今日明日は松山地方の秋祭。和尚さんの温言―お祭りのお小遣が足りないやうなら少々持ち合せてゐますから御遠慮なく――とわざわざいつて来られたのである、――温情、ああありがたしともありがたし、昨年一洵老に連れられて此処新居へ移つて来た、御幸山麓御幸寺境内の隠宅――高台で閑静で家も土地も清らかであり市街や山野の遠望も佳い――が殊に和尚さんにその人を得た。ただ感謝あるばかりである。澄太が一草庵と名づけてくれた、一木一草と雖も宇宙の生命を受けて感謝の生活をつづけてゐる、感謝の生活をしろよとは澄太の心であつたのであらう。
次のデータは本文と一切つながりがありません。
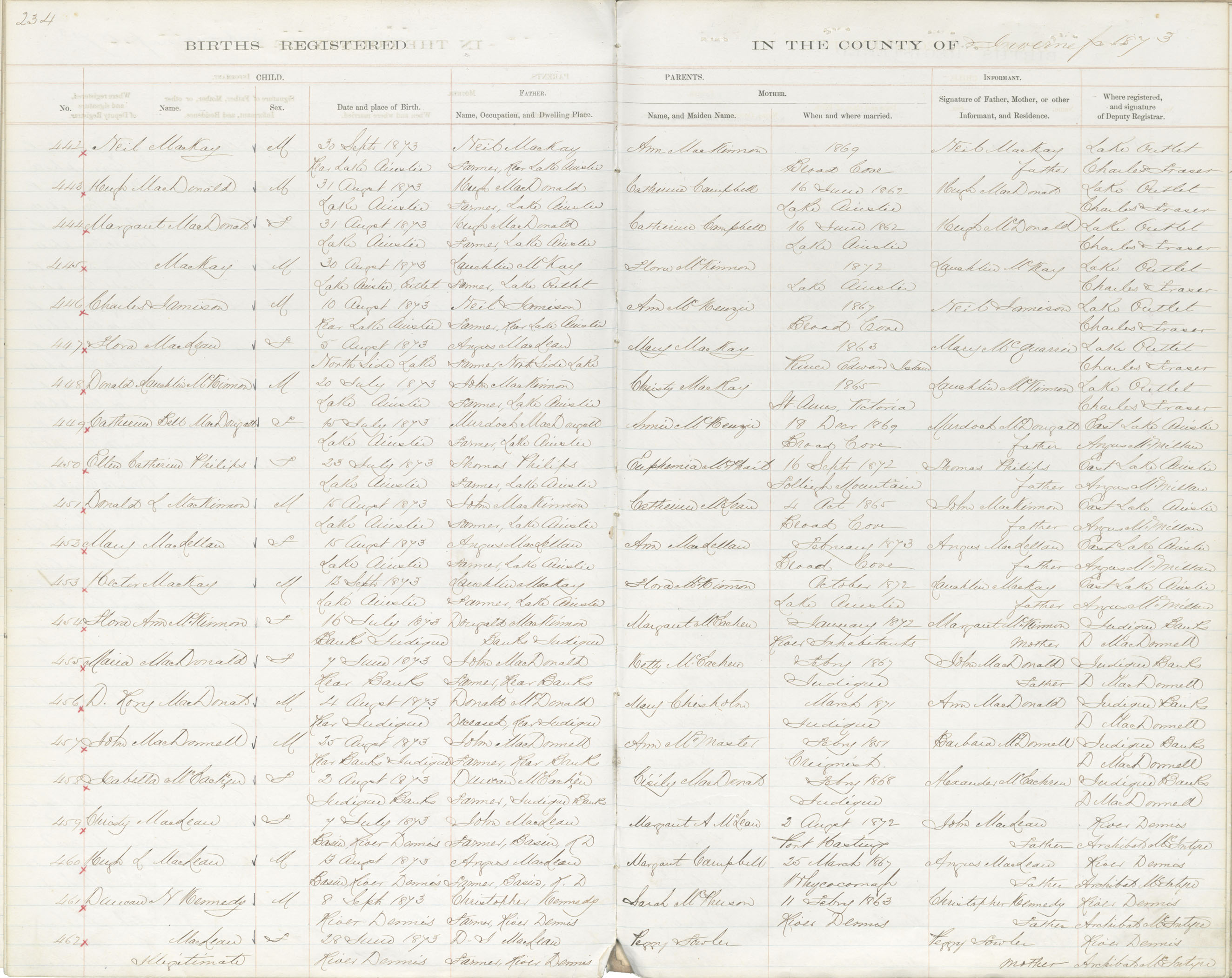Birth Registration: Year: 1873 book: 1814 page: 234 number: 455

一草庵―狭間の六畳一室、四畳半一室、厨房も便所もほどよくしてある、水は前の方十間ばかりのところに汲場ポンプがある、水質は悪くない、焚物は裏から勝手に採るがよろしい、東に北向だからまともに太陽が昇る、(此頃は右に偏つてはゐるが)月見には申分がない。東隣は新築の護国神社、西隣は古刹龍泰寺、松山銀座へ七丁位、道後温泉へは数町、一洵どんぐり庵へは四丁、友人もみな、親切――、すべての点に於て、私の分には過ぎたる栖家である。私は感謝して、すなほにつつましく私の寝床をここに定めてから既に一年になろうとしてゐる。それにそれに……。感謝の生活、私は本当にそれを思ふ。

【重複される日記】
山頭火のこのころの日記、特に10月6日と7日の日記が重複されて書かれています。日記を読むと、どうもアルコール中毒によるせん妄、幻覚などの症状が現れてきているようです。


十月七日 曇―晴。
早朝和尚さんに逢ふ、――昨日はどうでした、お祭りのお小遣はありますかと言ふてくれた――勿体なし勿体なし、人には甘えないつもりだけれど、いづれまたすみませんが――とお願ひすることだらう、ああああ。けさは猫の食べのこしを食べた、先夜の犬のことをもあはせて雑文一篇を書かうと思ふ、いくらでも稿料が貰へたら、ワン公にもニヤン子にも奢つてやらう、むろん私も飲むよ! 犬から餅の御馳走になつた話、――

【犬から餅の御馳走になつた話】
この日の日記に、「犬から餅の御馳走になつた話」とありますが、数日前の10月2日の日記に、「この夜どこからともなくついて来た犬、その犬が大きい餅をくはえて居つた、犬から餅の御馳走になつた。ワン公よ有難う、白いワン公よ、あまりは、これもどこからともなく出てきた白い猫に供養した。最初の、そして最後の功徳!  犬から頂戴するとは!」とあります。またこのころ、「秋の夜や犬からもらったり猫に与えたり」の句があります。山頭火が他者や弱者(コオロギの虫など)にも、最後まで慈悲深かったのに間違いはありません。この句が山頭火の最後の句といわれていますが、諸説あります。